“Qui il tempo sembra essersi fermato”, dicono i vecchi del posto, e camminando tra le montagne della Val Vigezzo si capisce subito perché. Ogni borgo, ogni vicolo, racconta storie antiche: mestieri scomparsi, pietre levigate dal passaggio dei secoli, e odori di cucina che avvolgono l’aria come un abbraccio familiare. Di giorno, il sole filtra tra le foglie, dipingendo la valle con mille sfumature; la sera, le luci tremolanti dei paesi si riflettono nel silenzio delle strade. Questa valle lunga e stretta, posizionata a est di Domodossola, proprio al confine con il Canton Ticino, è molto più di un paesaggio da cartolina. È un crocevia di culture, arte e natura selvaggia, capace di affascinare chiunque metta piede qui, che sia turista, esploratore o semplicemente curioso.
Val Vigezzo: una valle al crocevia tra Piemonte e Svizzera
La Val Vigezzo si trova nel cuore delle Alpi piemontesi, nell’Ossola, proprio al confine con la Svizzera, nella parte nord-orientale del Piemonte. Qui il fondovalle è ampio e pianeggiante, dove si concentrano i principali centri abitati. La posizione della valle la rende un collegamento naturale tra Domodossola, centro amministrativo e culturale delle valli dell’alto Piemonte, e il Canton Ticino oltre confine. Da sempre è stata una via di scambio culturale e commerciale. La Valle dei Pittori, come viene chiamata, deve il nome alla lunga tradizione di artisti e artigiani che hanno plasmato volti e paesaggi, ma anche agli scalpellini e agli spazzacamini, mestieri che hanno segnato la vita locale per secoli. Oggi la valle è uno spazio dove natura e cultura si incontrano, tra borghi di pietra, musei e paesaggi unici, legati da sentieri antichi e dalla celebre ferrovia Vigezzina-Centovalli.

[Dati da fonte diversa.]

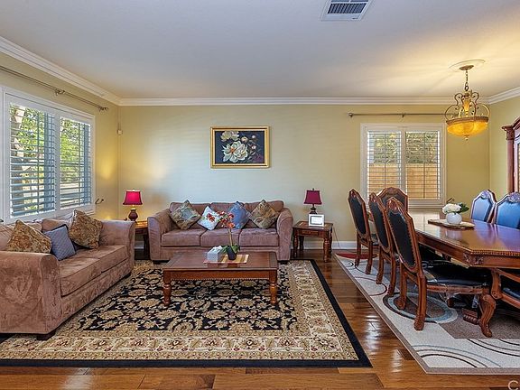REDUCED!!!!Beautiful and spacious home in Eastvale.Pride of ownership and many upgrades,gorgeous both inside and out.Formal living and dining rooms.Family room with gas fireplace with added colorful glass.Large kitchen with granite counter tops, stainless steel appliances, high-end cabinets, breakfast area, lights under cabinets and a large laundry room with tile. Hardwood flooring on ground level, a large loft and spacious bedrooms on upper level. Entire home has upgraded recessed lights, chandeliers, ceiling fans, high-end switches, blinds, shutters and crown molding...attention to detail! Windows are energy efficient with double glass. Landscaped front and backyard with grass, flowers and fruit trees. A nice sitting area with upgraded alumawood patio cover and security screen on sliding door. The two-car garage has direct access into kitchen and has epoxy flooring. New updated AC unit.This home is located in a very desirable area of Eastvale.It is walking distance to Harada Elementary School which is located directly across the street. Your kids can walk to the school without the need of being dropped off! Elementary,middle and high schools are ranked very (8-10). Ontario airport is within a 15 minute drive and easy access to major freeways such a I-15, 91 and 60...very close to all the best shopping and restaurants.No HOA and really low assessments.Move in Ready,upgraded turn key home.Move in and unpack!!No need to spend extra $$$ and time to hire contractors to upgrade.

Borghi con storia e fascino tutto da scoprire
La valle ospita diversi borghi, ognuno con una sua identità e caratteristiche precise.
– Druogno, a una quindicina di minuti da Domodossola, si trova a circa 800 metri di altitudine. È un posto tranquillo, adatto sia all’estate sia all’inverno per le famiglie, grazie alle piste da sci. Il borgo comprende il capoluogo e le frazioni di Albogno e Coimo, collegate da sentieri ricchi di testimonianze come oratori e vecchi mulini. La parrocchiale di San Silvestro è il cuore architettonico del paese.
– Santa Maria Maggiore è il centro turistico più noto della valle, a oltre 800 metri di quota. È famosa per il mercatino di Natale, per le piste da sci di fondo e per i sentieri estivi. Qui si trovano musei importanti: quello dello Spazzacamino, che racconta la storia di un mestiere tradizionale con il raduno internazionale ogni settembre; e la Scuola di Belle Arti “Rossetti Valentini”, con una vasta collezione di opere. La chiesa dell’Assunta completa il quadro artistico religioso, mentre la Casa del Profumo Feminis-Farina è un museo interattivo che racconta le origini locali dell’Acqua di Colonia.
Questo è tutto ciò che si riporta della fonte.